项目描述 该应用的总体目标是表征哺乳动物中的新型蛋白质质量控​​制 (PQC) 系统 细胞并阐明其在肿瘤发生中的作用。致癌转化是一个渐进的过程，在此过程中 正常细胞获得一系列特征来克服控制其增殖的各种限制。在这里我们将 检验这样一种观点：去除错误折叠蛋白质的能力增强可能是肿瘤细胞的一个新特征。 在正常未受应激的细胞中，蛋白质折叠是一个具有挑战性的过程，在初期和已建立的细胞中更是如此。 肿瘤细胞经常遇到高氧化应激，从而损害蛋白质。然而，PQC 消除哺乳动物细胞中错误折叠蛋白质的系统以及这些系统在肿瘤发生中的作用 不太理解。我们的实验室最近发现许多哺乳动物三联基序（TRIM）蛋白可以特异性地 识别错误折叠的蛋白质并将其标记为蛋白酶体降解，并且某些 TRIM 还可以直接 激活蛋白酶体。此外，我们观察到去除错误折叠蛋白质的能力显着增强。 由于 TRIM 的上调，癌细胞数量增加。这种更高的降解能力可以减轻氧化 与致癌生长相关的应激并允许致癌生长。这些发现表明 TRIM 作为 蛋白质质量的多功能调节剂，将错误折叠蛋白质的清除与抗氧化防御联系起来，以及 表明肿瘤细胞具有以前未被识别的特征。我们的中心假设是 TRIM 蛋白 构成哺乳动物细胞中的主要 PQC 系统，对于抗氧化防御和致癌至关重要 转变。我们提出三个具体目标。
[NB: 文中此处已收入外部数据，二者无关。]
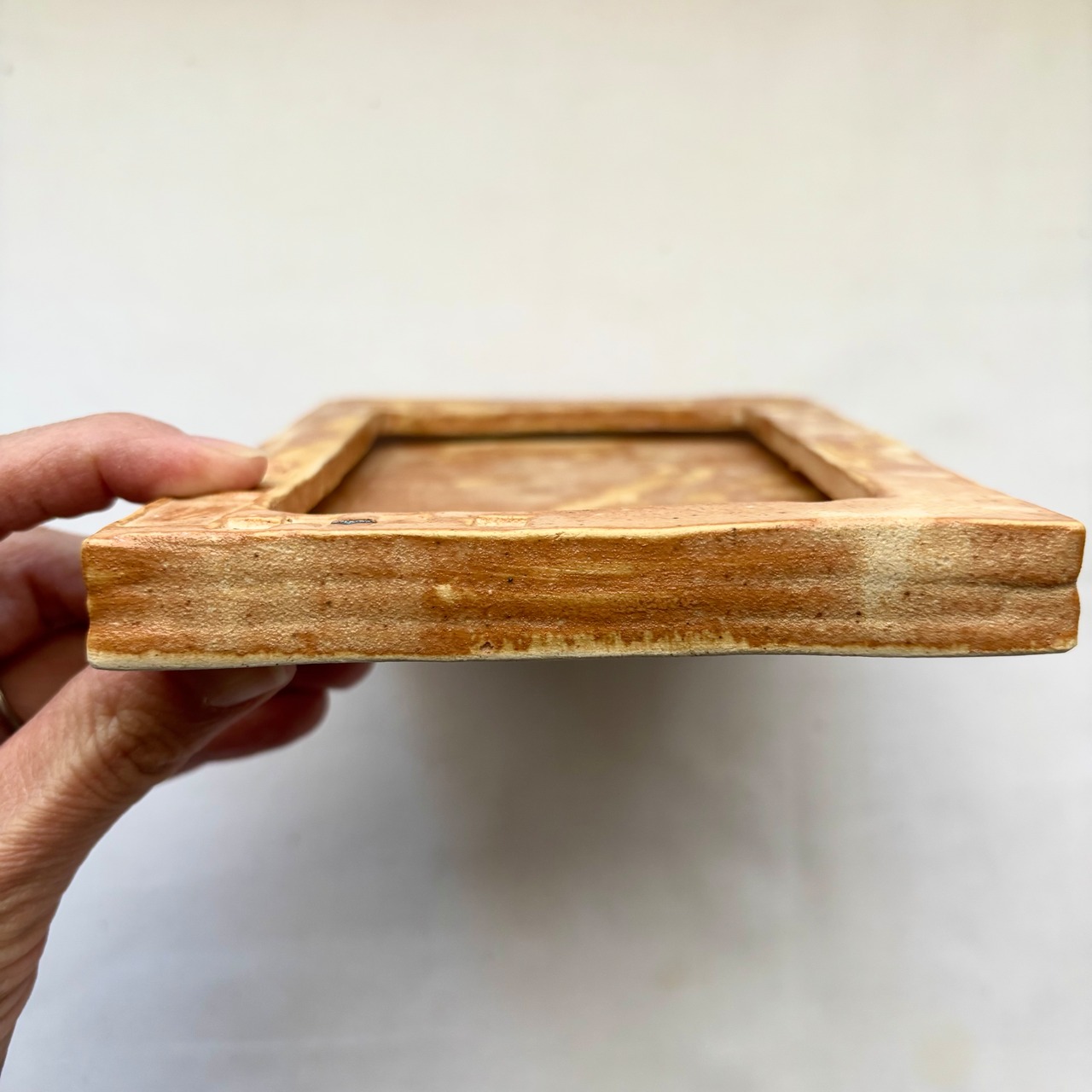 釉薬の特徴で白っぽいところとベージュの濃いところが入り混じっているのが魅力的な作品!
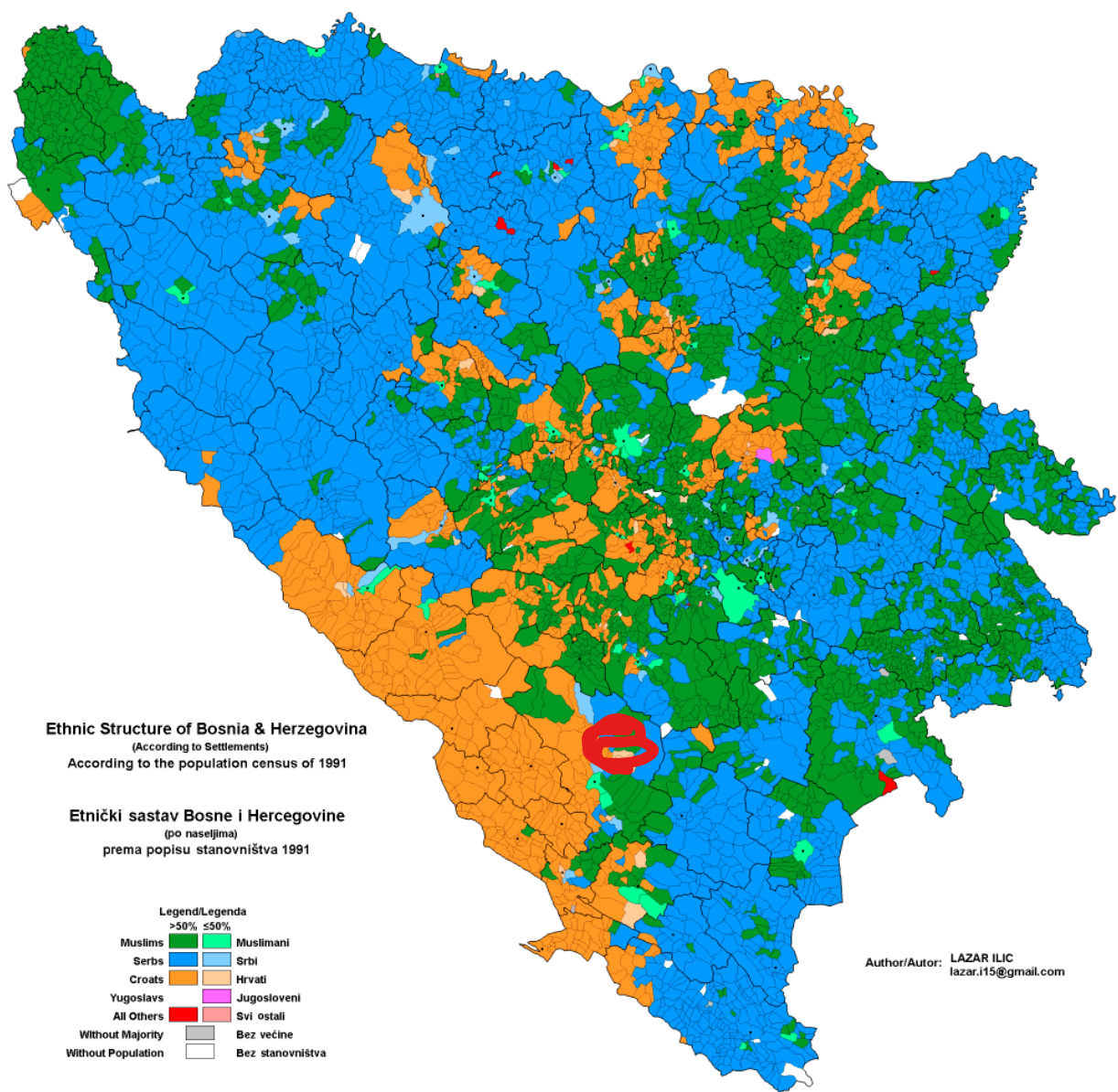 (Mostar: notice the minaret to the right. Croats — Catholics — live on the left bank of the river; Bosniaks — Muslims — on the right side. Mostar is the little red circle on the ethnic map of Bosnia, circa 1991, below:)

首先，TRIM蛋白大量存在，包括70多种 在人类中。为了全面了解 TRIM 系统，我们将系统地研究所有 人类 TRIM 在错误折叠蛋白的蛋白酶体降解中的作用，并定义了其不同的分子基础 效力。其次，我们将研究错误折叠蛋白质的积累如何导致高氧化应激， 以及 TRIM 如何通过清除错误折叠的蛋白质来缓解这种压力。第三，我们将确定 使用细胞和动物模型研究 TRIM 系统在癌症进展中的作用。此外，我们的结果表明 错误折叠蛋白的去除对蛋白酶体抑制高度敏感，这可能提供了一个解释 用于基于蛋白酶体抑制剂的癌症疗法。我们将检验增加产量的观点 错误折叠的蛋白质与蛋白酶体阻断相结合，可能非常有效地杀死癌细胞。 总的来说，这些目标将解决与蛋白质稳态和致癌相关的关键问题 转化，并可能为开发有效疗法提供有价值的信息。

项目成果

Autophagy and pluripotency: self-eating your way to eternal youth.

自噬和多能性：自我吞噬通往永恒青春的道路。

• DOI: 10.1016/j.tcb.2022.04.001
• 发表时间: 2022-10
• 期刊: Trends in cell biology
• 影响因子: 19
• 作者: Xu, Yi;Yang, Xiaolu
• 通讯作者: Yang, Xiaolu

TRIM11 Prevents and Reverses Protein Aggregation and Rescues a Mouse Model of Parkinson's Disease.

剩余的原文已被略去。